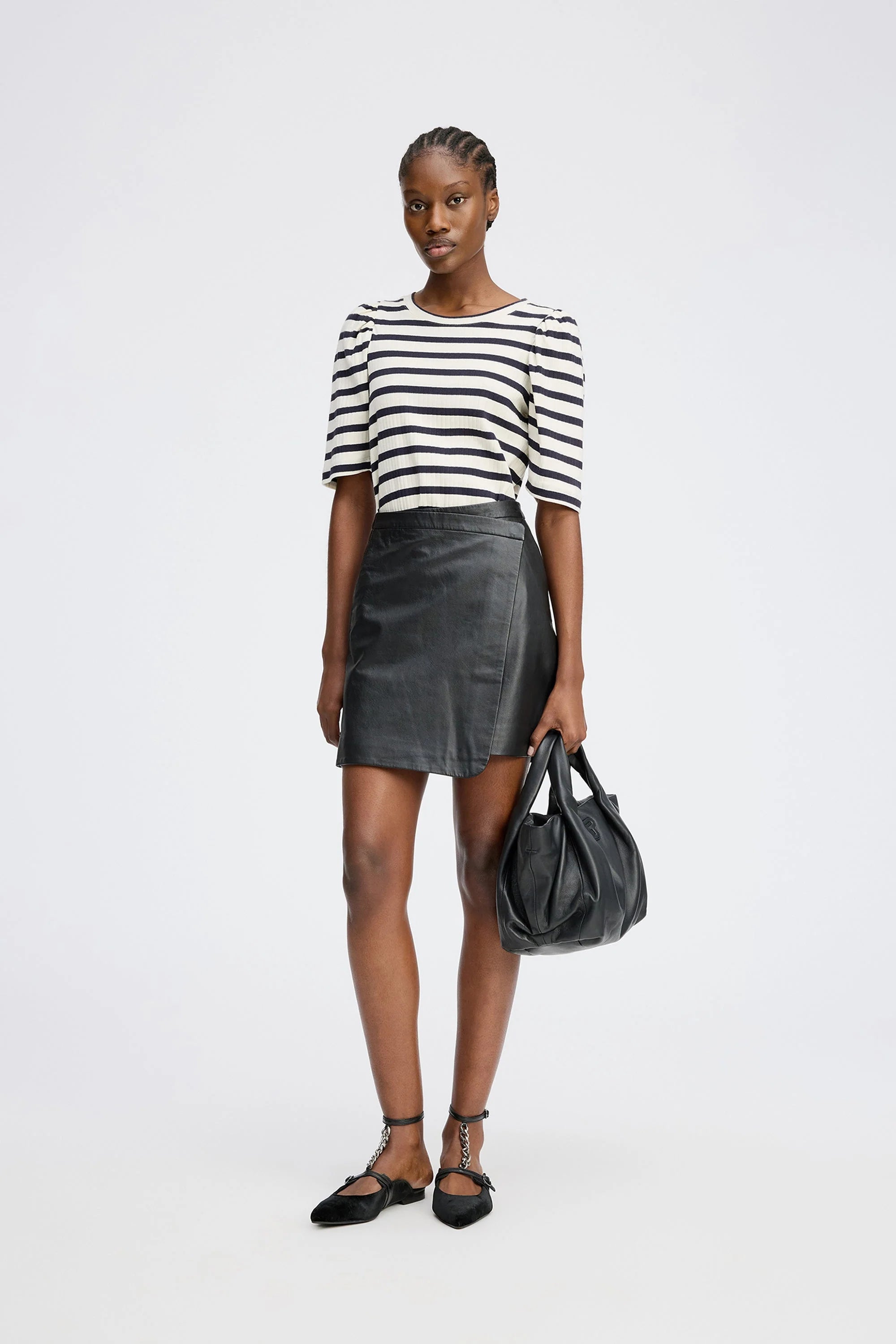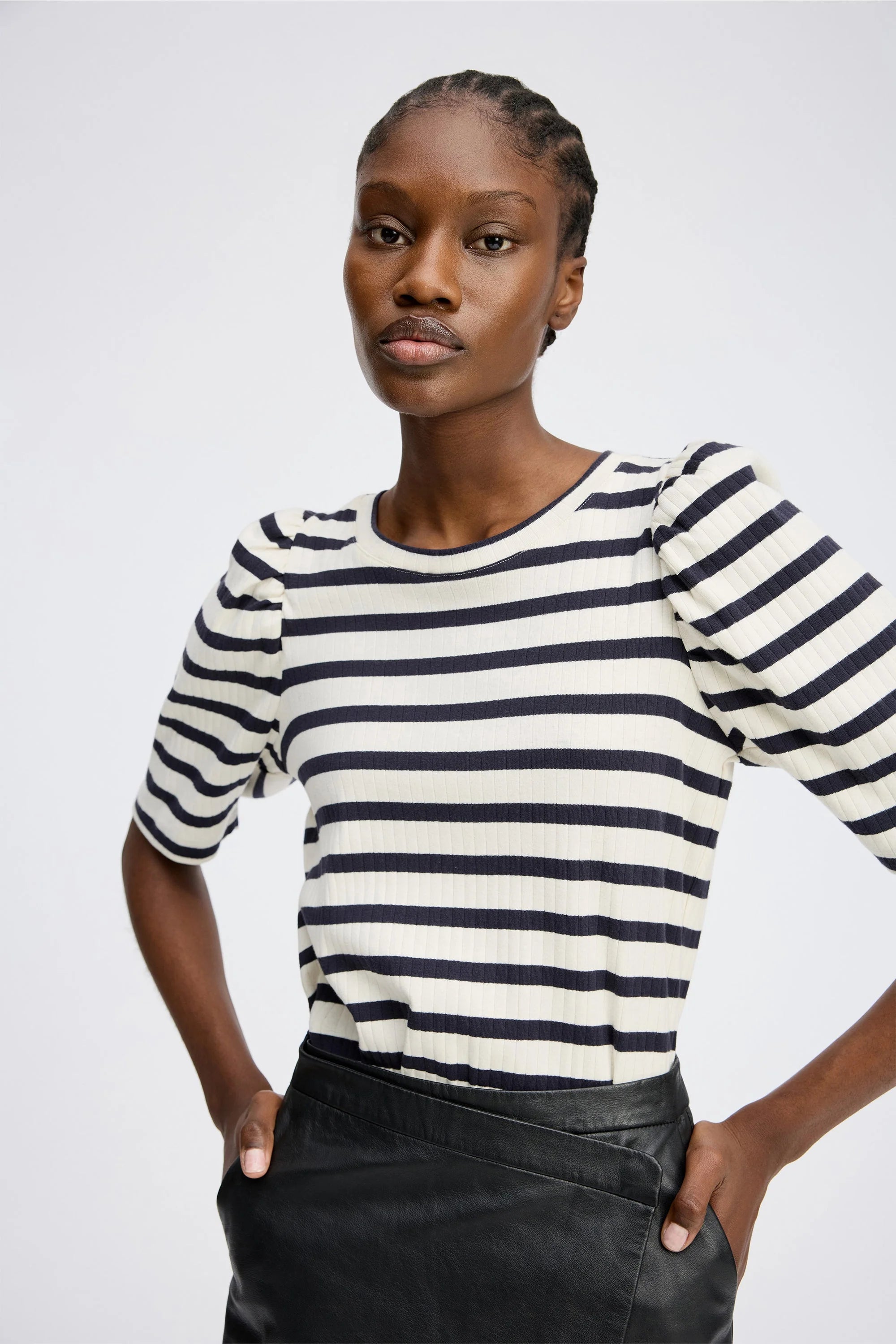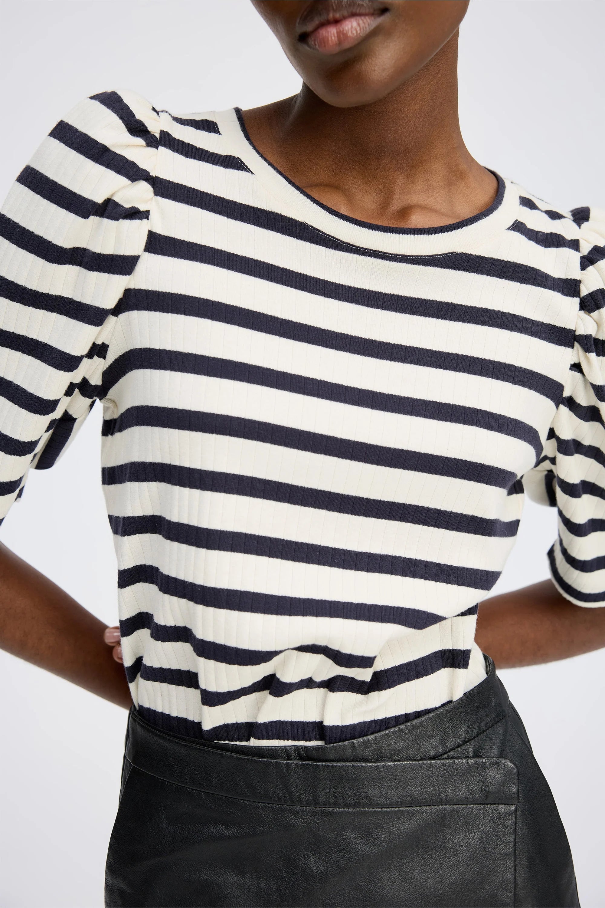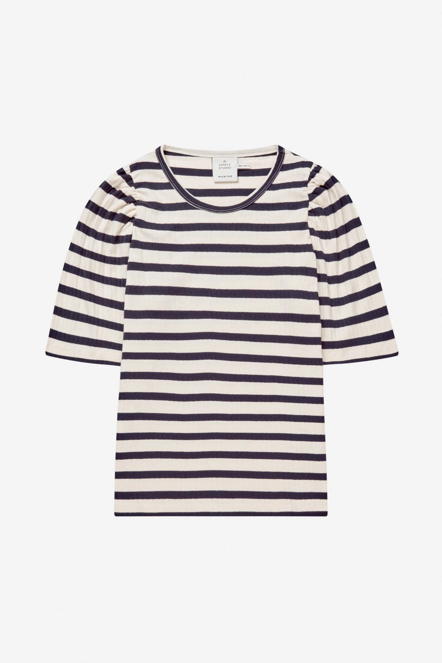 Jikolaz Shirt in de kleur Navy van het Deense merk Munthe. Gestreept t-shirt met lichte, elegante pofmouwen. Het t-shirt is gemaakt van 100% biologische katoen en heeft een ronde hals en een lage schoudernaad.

------------------------------

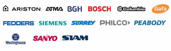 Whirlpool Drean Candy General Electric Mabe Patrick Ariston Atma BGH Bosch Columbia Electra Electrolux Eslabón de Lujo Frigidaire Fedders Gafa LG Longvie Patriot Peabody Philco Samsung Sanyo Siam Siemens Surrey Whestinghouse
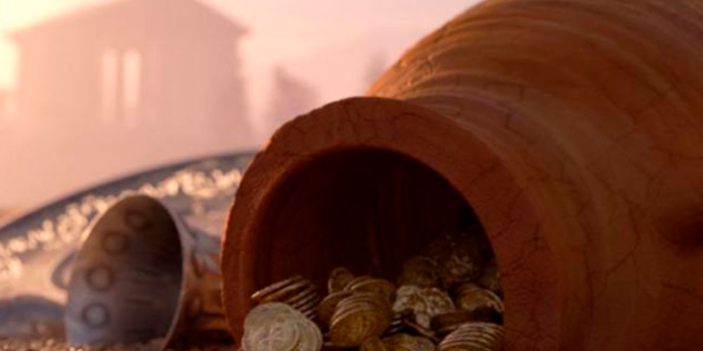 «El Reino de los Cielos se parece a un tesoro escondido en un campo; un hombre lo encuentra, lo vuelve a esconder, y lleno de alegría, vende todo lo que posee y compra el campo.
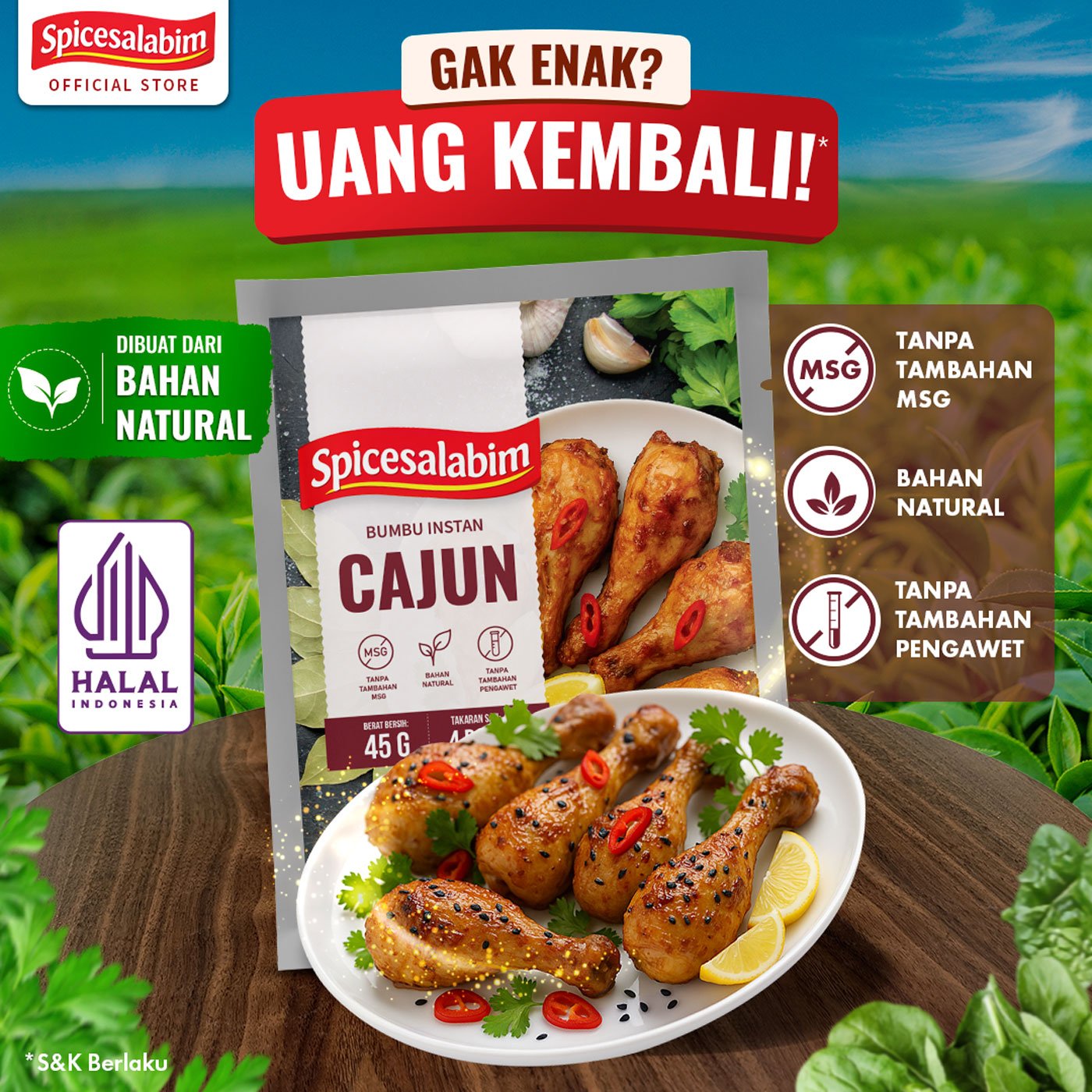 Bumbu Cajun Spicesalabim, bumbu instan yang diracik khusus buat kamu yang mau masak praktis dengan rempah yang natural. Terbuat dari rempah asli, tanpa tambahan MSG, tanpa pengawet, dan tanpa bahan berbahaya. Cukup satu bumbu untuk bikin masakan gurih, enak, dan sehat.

------------------------------

> [WORK ITEM] Copy out exactly the material that runs from the line with "Whirlpool Drean Candy" to the line with "Bumbu Cajun Spicesalabim, bumbu", ends included, and leave the pictures behind.

> [EXERCISE RESPONSE]
 Whirlpool Drean Candy General Electric Mabe Patrick Ariston Atma BGH Bosch Columbia Electra Electrolux Eslabón de Lujo Frigidaire Fedders Gafa LG Longvie Patriot Peabody Philco Samsung Sanyo Siam Siemens Surrey Whestinghouse
 «El Reino de los Cielos se parece a un tesoro escondido en un campo; un hombre lo encuentra, lo vuelve a esconder, y lleno de alegría, vende todo lo que posee y compra el campo.
 Bumbu Cajun Spicesalabim, bumbu instan yang diracik khusus buat kamu yang mau masak praktis dengan rempah yang natural. Terbuat dari rempah asli, tanpa tambahan MSG, tanpa pengawet, dan tanpa bahan berbahaya. Cukup satu bumbu untuk bikin masakan gurih, enak, dan sehat.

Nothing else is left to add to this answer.